> [The data]
Segment Open

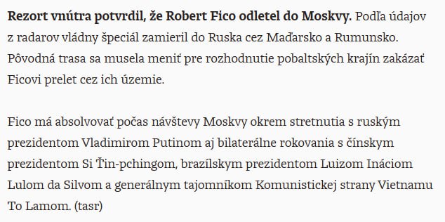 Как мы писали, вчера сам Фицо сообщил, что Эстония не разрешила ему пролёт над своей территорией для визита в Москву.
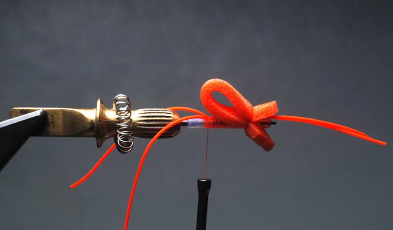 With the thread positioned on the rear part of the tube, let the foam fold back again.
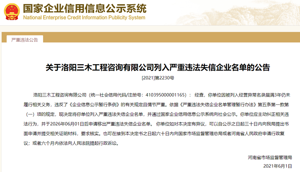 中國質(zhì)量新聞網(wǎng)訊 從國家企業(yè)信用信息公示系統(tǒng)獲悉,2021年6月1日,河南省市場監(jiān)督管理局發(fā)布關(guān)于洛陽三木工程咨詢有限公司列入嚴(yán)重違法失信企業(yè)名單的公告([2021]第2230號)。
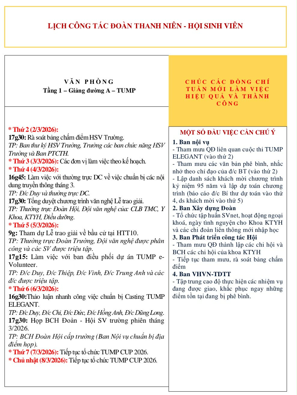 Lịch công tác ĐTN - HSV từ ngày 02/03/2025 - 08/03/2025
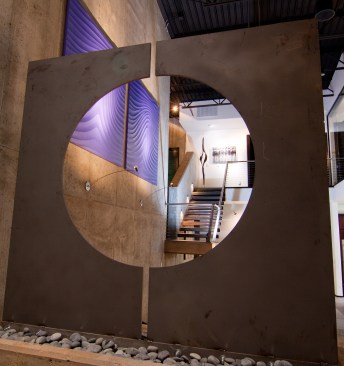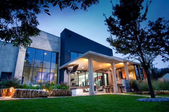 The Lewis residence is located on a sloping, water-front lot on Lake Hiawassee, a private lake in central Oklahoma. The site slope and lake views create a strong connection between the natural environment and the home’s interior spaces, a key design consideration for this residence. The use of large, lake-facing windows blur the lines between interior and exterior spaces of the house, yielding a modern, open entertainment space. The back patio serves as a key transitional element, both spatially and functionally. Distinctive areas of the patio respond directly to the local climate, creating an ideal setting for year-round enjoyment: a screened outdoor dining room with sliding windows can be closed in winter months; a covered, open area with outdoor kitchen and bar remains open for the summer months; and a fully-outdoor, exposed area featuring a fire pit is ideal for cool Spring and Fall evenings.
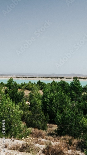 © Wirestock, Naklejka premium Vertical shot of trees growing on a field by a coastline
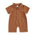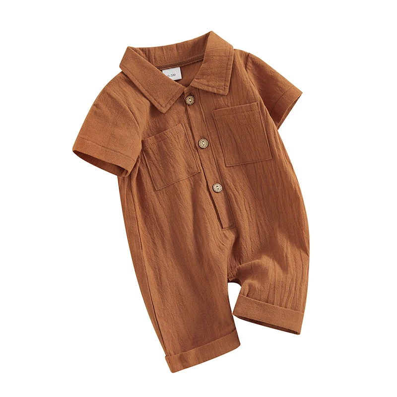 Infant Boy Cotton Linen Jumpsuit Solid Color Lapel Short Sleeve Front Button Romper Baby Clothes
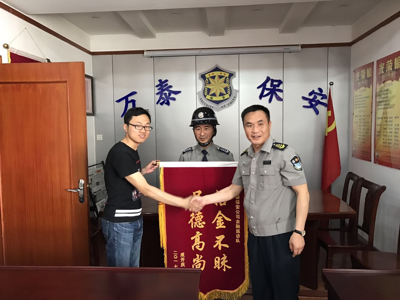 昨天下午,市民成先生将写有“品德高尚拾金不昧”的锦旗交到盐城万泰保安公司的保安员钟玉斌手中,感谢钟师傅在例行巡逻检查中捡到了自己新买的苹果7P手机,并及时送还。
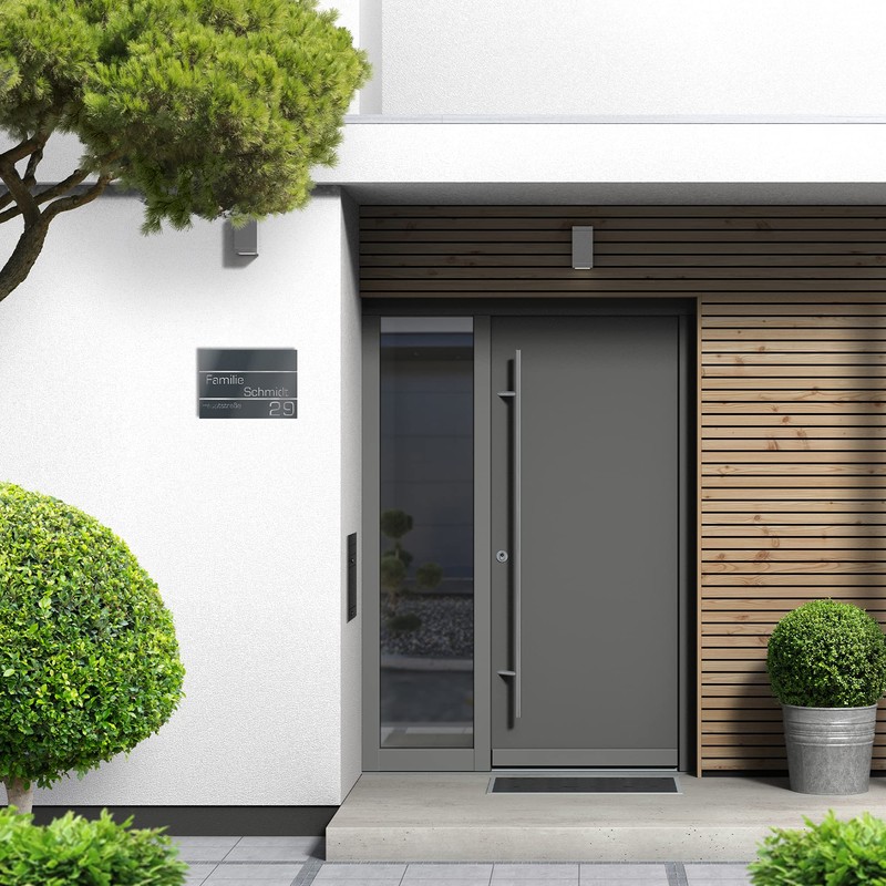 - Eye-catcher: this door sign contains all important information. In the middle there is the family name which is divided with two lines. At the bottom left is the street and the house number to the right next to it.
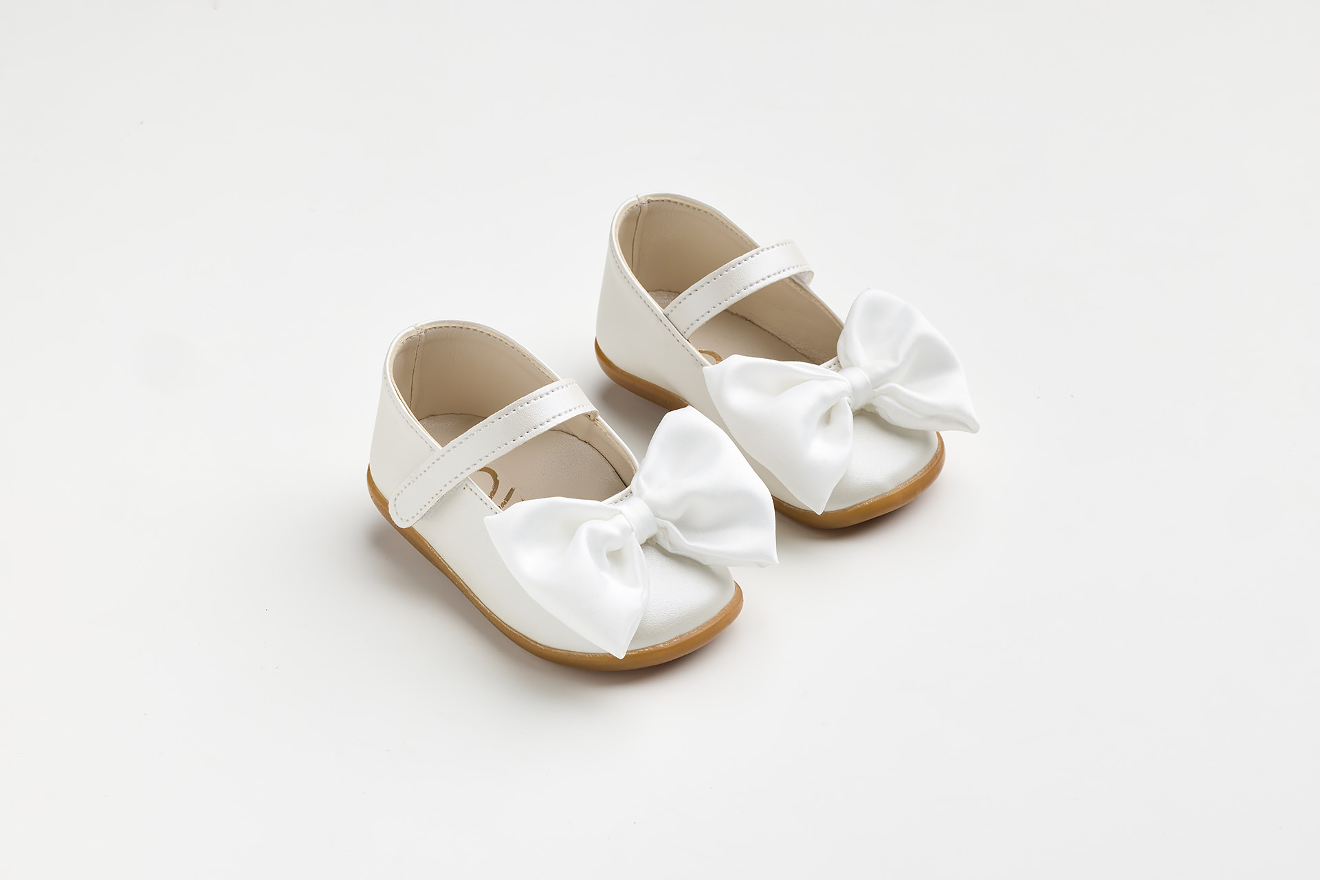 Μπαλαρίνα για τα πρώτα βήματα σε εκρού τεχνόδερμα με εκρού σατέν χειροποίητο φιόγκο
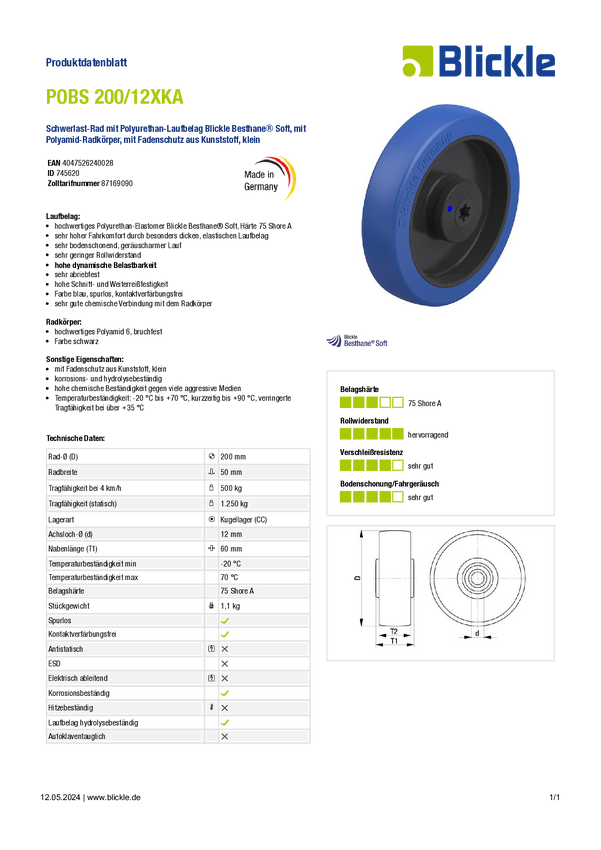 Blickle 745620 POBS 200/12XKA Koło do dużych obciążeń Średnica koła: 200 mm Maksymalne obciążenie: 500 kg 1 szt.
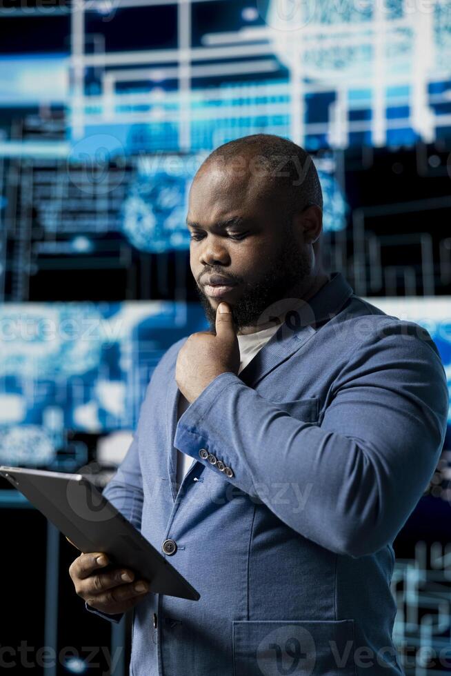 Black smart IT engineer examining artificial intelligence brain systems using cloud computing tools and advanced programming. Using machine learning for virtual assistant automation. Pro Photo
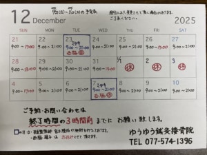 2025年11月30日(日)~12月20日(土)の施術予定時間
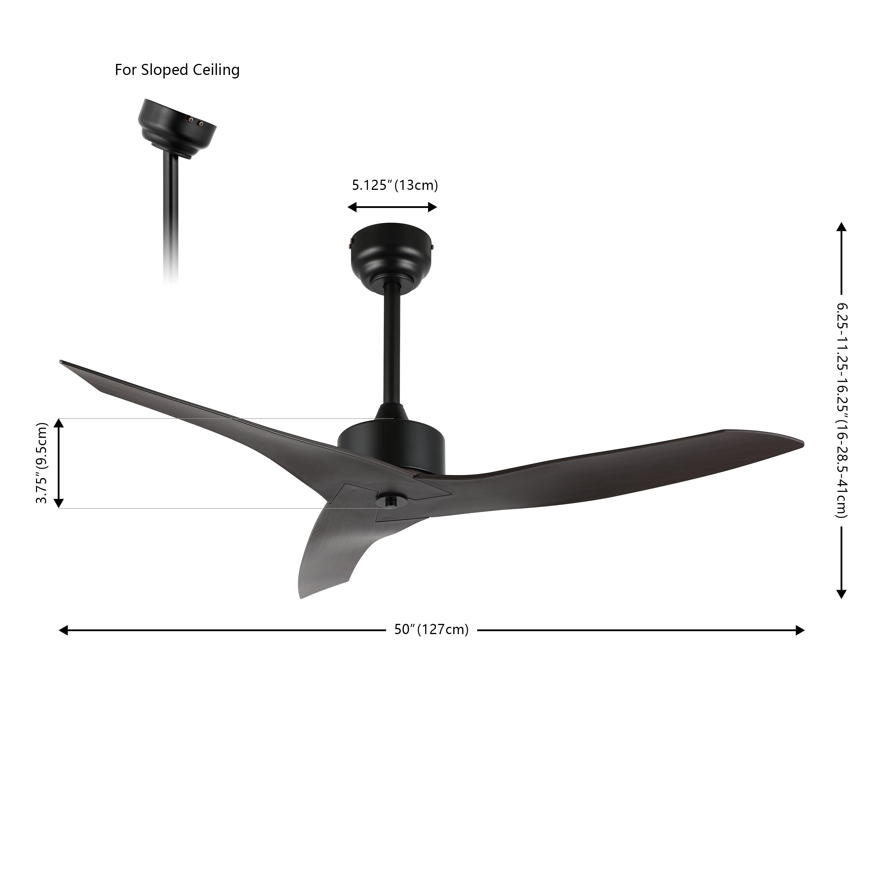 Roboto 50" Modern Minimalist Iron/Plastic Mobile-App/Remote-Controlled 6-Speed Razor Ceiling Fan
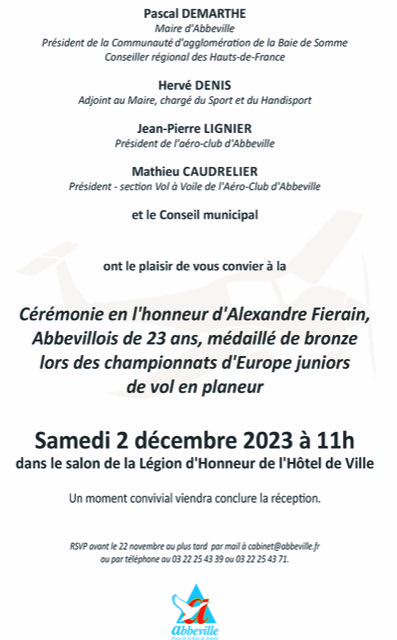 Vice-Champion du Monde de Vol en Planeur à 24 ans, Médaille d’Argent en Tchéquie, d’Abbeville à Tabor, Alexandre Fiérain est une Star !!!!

Segment Closed

> [Activity]
Begin at the top of the records above and retype each line exactly until the line containing "by a coastline", which is included. Skip all pictures.

> [Result for this exercise]
 Как мы писали, вчера сам Фицо сообщил, что Эстония не разрешила ему пролёт над своей территорией для визита в Москву.
 With the thread positioned on the rear part of the tube, let the foam fold back again.
 中國質(zhì)量新聞網(wǎng)訊 從國家企業(yè)信用信息公示系統(tǒng)獲悉,2021年6月1日,河南省市場監(jiān)督管理局發(fā)布關(guān)于洛陽三木工程咨詢有限公司列入嚴(yán)重違法失信企業(yè)名單的公告([2021]第2230號)。
 Lịch công tác ĐTN - HSV từ ngày 02/03/2025 - 08/03/2025
 The Lewis residence is located on a sloping, water-front lot on Lake Hiawassee, a private lake in central Oklahoma. The site slope and lake views create a strong connection between the natural environment and the home’s interior spaces, a key design consideration for this residence. The use of large, lake-facing windows blur the lines between interior and exterior spaces of the house, yielding a modern, open entertainment space. The back patio serves as a key transitional element, both spatially and functionally. Distinctive areas of the patio respond directly to the local climate, creating an ideal setting for year-round enjoyment: a screened outdoor dining room with sliding windows can be closed in winter months; a covered, open area with outdoor kitchen and bar remains open for the summer months; and a fully-outdoor, exposed area featuring a fire pit is ideal for cool Spring and Fall evenings.
 © Wirestock, Naklejka premium Vertical shot of trees growing on a field by a coastline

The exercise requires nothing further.